Comme il faut bien commencer quelque part, je jette quelques idées à explorer:
- Pourrait-on imaginer une préparation prénatal pour les pères ?
- comment s’occuper d’un bébé qui vient de naître (biberon, couche, l’habiller, le bercer… des choses simples que beaucoup n’ont jamais pratiqué sur des poupons, ce qui en fait des gestes non naturels), comprendre sa physiologie et ses besoins (pourquoi un bébé pleure, comment savoir si c ‘est de la faim…) Tout cela est aperçu « rapido presto » à la maternité alors que les émotions et la fatigue emportent déjà tout sur leurs passages…
- comment s’occuper d’une maman qui vient d’accoucher (pourquoi elle doit être alitée au moins la 1ere semaine, que lui proposer à manger, comprendre ses pleurs et le baby blues, détecter la dépression post partum…), gérer ses propres émotions de papa…
- Pourrait-on imaginer un suivi en post partum: c’est après avoir écouter le podcast du 2 avril 2021 de la Matrescence sur le burn out parental qu’il m’est apparu nécessaire d’en parler. Statistiquement, moins de pères font l’objet de burn out car ils sont soumis à moins de facteurs de stress relatifs à la prise en charge de leur bébé voir l’éducation de leur enfant dans sa globalité. Pourtant, Isabelle Roskam, professeur de psychologie et chercheuse souligne bien que les papas sont plus sujets que les mamans au burn out dans le sens où ils supportent moins de facteurs stressants que la maman si on observe leur balance « facteurs de stress et facteurs apaisants ». Ainsi, un soutien du père, à la fois en tant que père et en tant qu’homme (impact sur le couple, au travail, exploration de la relation avec son enfant..), au même titre que le suivi de la mère en tant que maman et femme ( soin de suites de couches, suivi psychologique, rééducation périnéale…) permettrait de mettre à égalité le père et la mère dans leur implication et dans le soutien qu’ils reçoivent pour y répondre.
- Dans une perspective moins légale mais plus pratique, devrions-nous, futures/jeunes mamans, apprendre à laisser plus de place au papa?

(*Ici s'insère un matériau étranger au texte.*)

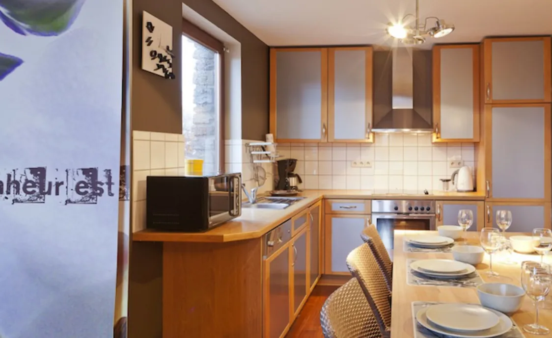 - Ausstattungen: Backofen, Elektrische Kochplatten, Gefrierschrank, Geschirr und Besteck, Geschirrspüler, Kaffeemaschine, Kochplatten, Küchenutensilien, Kühlschrank, Mikrowelle
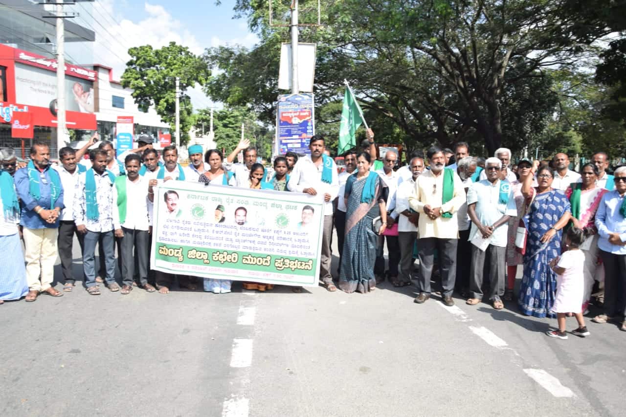 ನಗರದ ಸರ್ ಎಂ.ವಿಶ್ವೇಶ್ವರಯ್ಯ ಪ್ರತಿಮೆ ಎದುರು ಸೇರಿದ ರೈತಸಂಘದ ಕಾರ್ಯಕರ್ತರು, ಬೆಂಗಳೂರು-ಮೈಸೂರು ಹೆದ್ದಾರಿಯಲ್ಲಿ ರಸ್ತೆ ತಡೆ ನಡೆಸಿ ಸರ್ಕಾರಗಳ ವಿರುದ್ಧ ಘೋಷಣೆ ಕೂಗಿ ಆಕ್ರೋಶ ವ್ಯಕ್ತಪಡಿಸಿದರು. ನಂತರ ಜಿಲ್ಲಾಧಿಕಾರಿ ಕಚೇರಿವರೆಗೆ ಮೆರವಣಿಗೆಯಲ್ಲಿ ತೆರಳಿ ಧರಣಿ ನಡೆಸಿದರು.ಉತ್ತರ ಕರ್ನಾಟಕದ ಕಬ್ಬು ಬೆಳೆಗಾರರ ಬೇಡಿಕೆಯಂತೆ ಪ್ರತಿ ಟನ್ ಕಬ್ಬಿಗೆ ೩,೫೦೦ ರು. ನಿಗದಿಪಡಿಸಬೇಕು. ಅದೇ ರೀತಿ ದಕ್ಷಿಣ ಕರ್ನಾಟಕ ಕಬ್ಬು ಬೆಳೆಗಾರರಿಗೆ ಟನ್ ಕಬ್ಬಿಗೆ ೫ ಸಾವಿರ ರು. ನಿಗದಿಮಾಡಬೇಕು. ಕಾಯಂ ಆಗಿ ಭತ್ತ ಮತ್ತು ರಾಗಿ ಖರೀದಿ ಕೇಂದ್ರವನ್ನು ವರ್ಷ ಪೂರ್ತಿ ತೆರೆಯಬೇಕು. ಪಂಜಾಬ್ ಮಾದರಿಯಲ್ಲಿ ನಮ್ಮ ರಾಜ್ಯದಲ್ಲಿಯೂ ರೈತರ ಎಲ್ಲ ಭತ್ತವನ್ನು ಖರೀದಿಸಬೇಕು. ಈಗಾಗಲೇ ರಾಜ್ಯ ಆಹಾರ ನಿಗಮದಿಂದ ಖರೀದಿ ಮಾಡಲು ಪ್ರಕಟಿಸಿರುವುದನ್ನು ಕೈಬಿಟ್ಟು ಹಿಂದಿನಂತೆ ಮಿಲ್ ಪಾಯಿಂಟ್ ಮುಖಾಂತರ ಖರೀದಿಸುವಂತೆ ಒತ್ತಾಯಿಸಿದರು.

Parfois les papas montrent du désintérêt, souvent la situation liée au congé maternité/à la gestation/aux modèles sociaux invite la maman à prendre la situation en main. Mais de plus en plus, on peut aussi entendre le témoignages de papas qui aimeraient en savoir plus, en faire plus. Des papas concernés par toute la charge mentale impliquée par l’arrivée d’un bébé décontenancent parfois plus la mère qu’autre chose. Déstabilisée par le désir d’implication du papa, il peut être difficile de faire une place au co-parent et c’est pourtant la 1ere clef afin de changer les modèles et les encourager à continuer. Au quotidien, accepter que l’autre face à sa manière est un challenge pour la jeune mère mais c’est apporter un équilibre au foyer dans la durée. Il faut que nous leur donnions notre confiance, que nous partagions nos savoirs et connaissances pour faire de ces Papas des exemples de ce que peut être une paternité active et épanouie. Confions leur le bébé dès le début, laissons les décider du repas, les habiller, les bercer, les réconforter… offrons nous l’espace de répits dont nous avons besoin pour que dès le début!

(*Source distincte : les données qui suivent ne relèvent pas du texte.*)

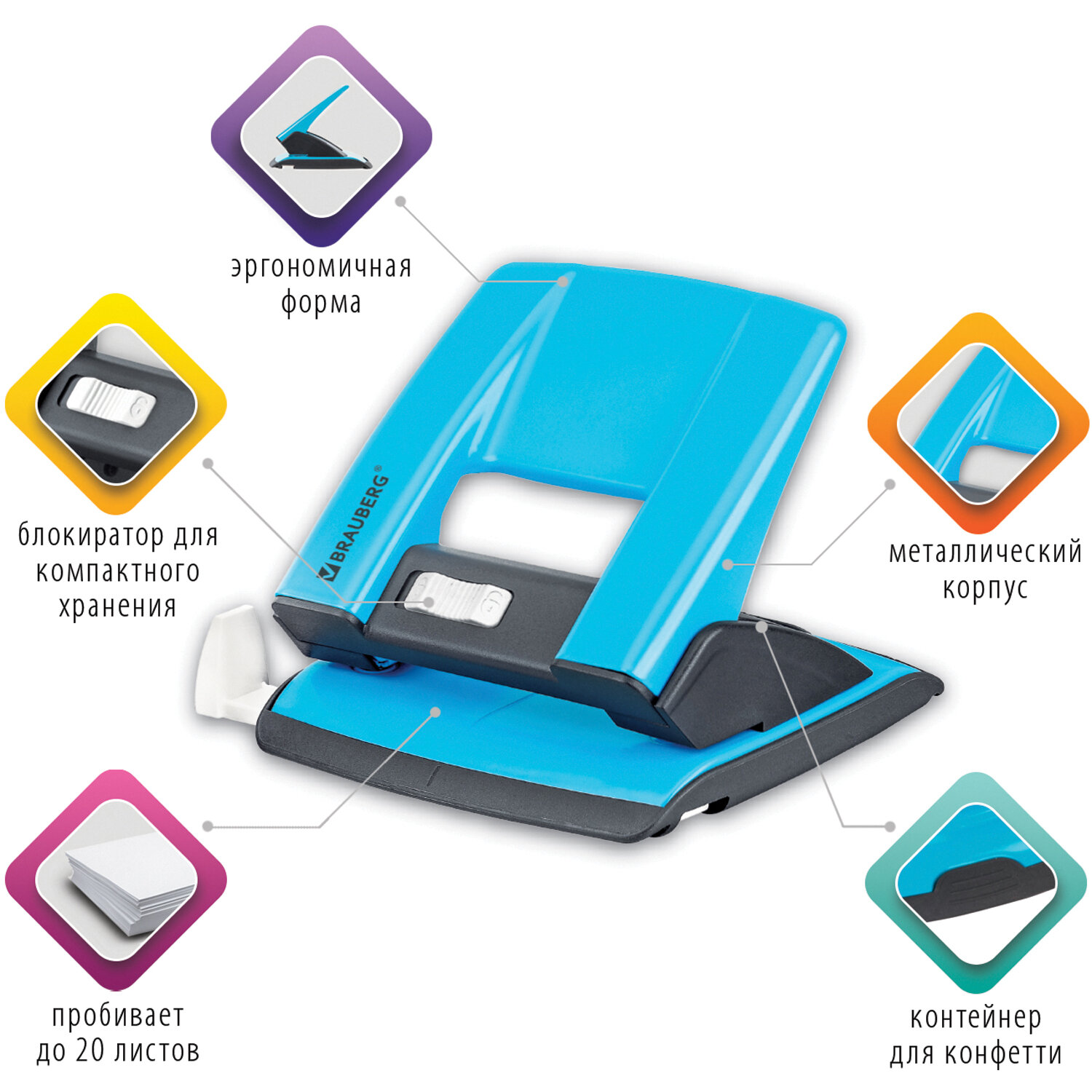 - Дырокол металлический BRAUBERG "ULTRA", до 20 листов, голубой, 228759
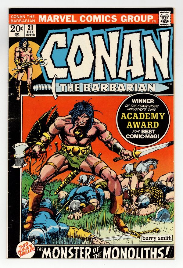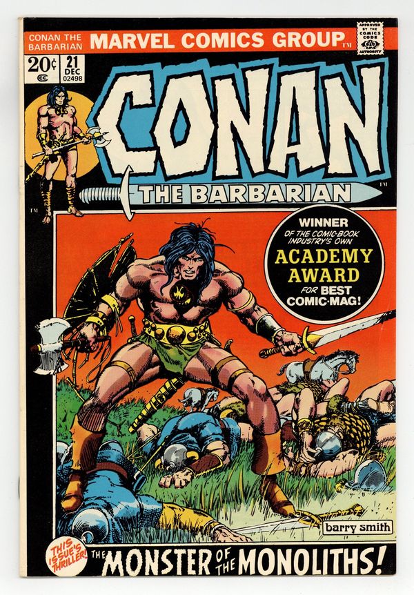 Tags: Marvel Legacy Numbering: Conan (part 21), Conan$16.25Cover art by Barry Windsor-Smith. The Monster of the Monoliths, script by Roy Thomas, breakdowns by Barry Windsor-Smith, pencils by Craig Russell and Val Mayerik; inks by Dan Adkins and Sal Buscema; setting: Makkalet; Conan is taken captive in Makkalet when he defects from the Turanian army; Conan joins and is betrayed by Makkalet forces; Conan fights giant toad-god; adapted in part from the story "The Black Stone" by Robert E. Howard. Letters to the editor from Dean Mullaney (Eclipse Comics) and comics artist Duffy Vohland. 36 pgs. Cover price $0.20. Cover price $0.20.
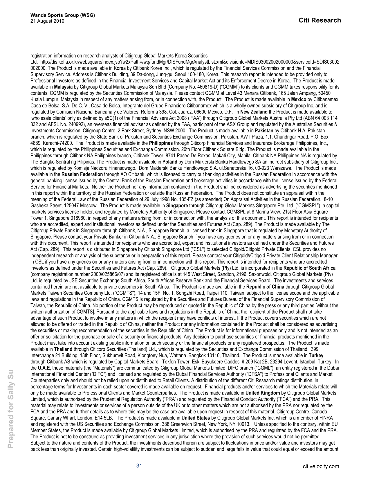 花旗给予万达体育买入评级

Ô toi jeune papa je te salue et te félicite car quoi que tu penses de ce contenu, tu es bien en avance sur ton temps si tu as pris le temps de lire ces quelques lignes ! Bravo pour tout ce que tu fais et que nos anciens ne faisaient pas! Penses maintenant à tout ce que les prochains feront: on peut encore améliorer cette formidable aventure de la parentalité !
*Ce texte a été écrit dans un contexte français, en généralisant des faits pour rester significatif à la majorité.